=== Work instructions ===
Which lines of the records contain "Bottom"? Collect every one of them.

=== Provided information ===
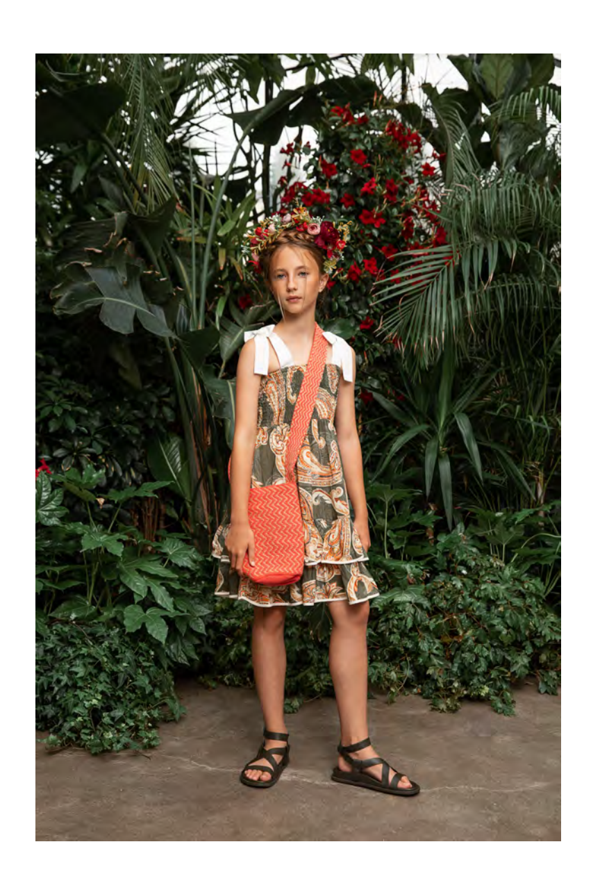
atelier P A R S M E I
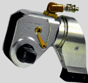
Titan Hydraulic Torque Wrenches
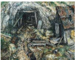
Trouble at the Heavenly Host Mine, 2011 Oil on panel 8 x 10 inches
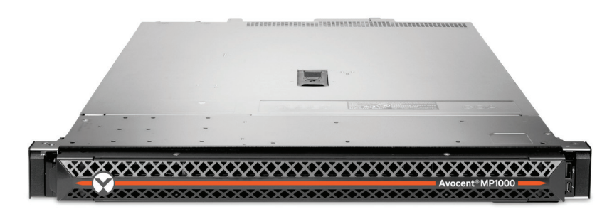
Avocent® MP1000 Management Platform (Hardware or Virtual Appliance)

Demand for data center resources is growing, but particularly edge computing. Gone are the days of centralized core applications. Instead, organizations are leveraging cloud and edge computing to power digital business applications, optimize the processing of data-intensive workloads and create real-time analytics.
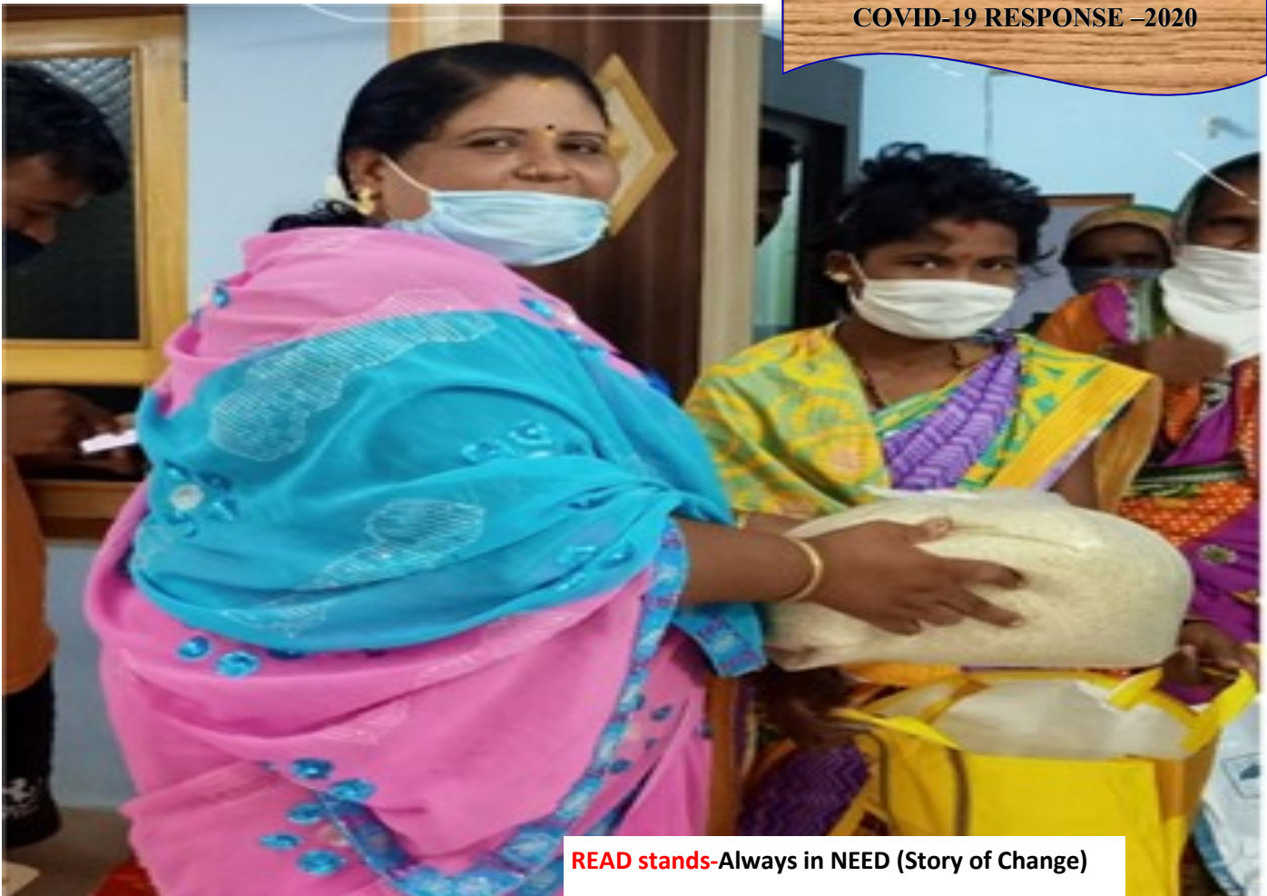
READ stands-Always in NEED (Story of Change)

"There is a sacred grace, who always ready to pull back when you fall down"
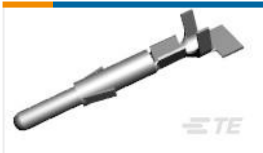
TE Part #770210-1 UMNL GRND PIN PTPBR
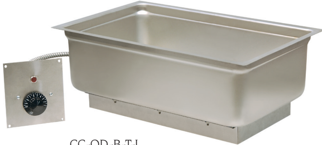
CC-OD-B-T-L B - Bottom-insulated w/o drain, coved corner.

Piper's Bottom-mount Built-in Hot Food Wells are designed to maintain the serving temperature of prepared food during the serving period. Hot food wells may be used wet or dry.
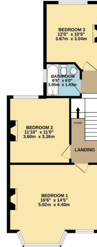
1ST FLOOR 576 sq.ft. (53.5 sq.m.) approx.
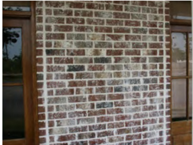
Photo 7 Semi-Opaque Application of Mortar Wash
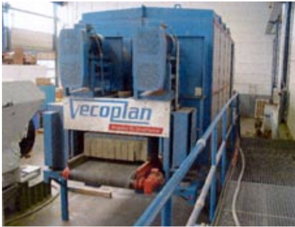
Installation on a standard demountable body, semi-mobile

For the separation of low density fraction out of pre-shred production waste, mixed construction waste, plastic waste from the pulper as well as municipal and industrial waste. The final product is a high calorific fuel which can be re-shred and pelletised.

=== The completed task ===
CC-OD-B-T-L B - Bottom-insulated w/o drain, coved corner.
Piper's Bottom-mount Built-in Hot Food Wells are designed to maintain the serving temperature of prepared food during the serving period. Hot food wells may be used wet or dry.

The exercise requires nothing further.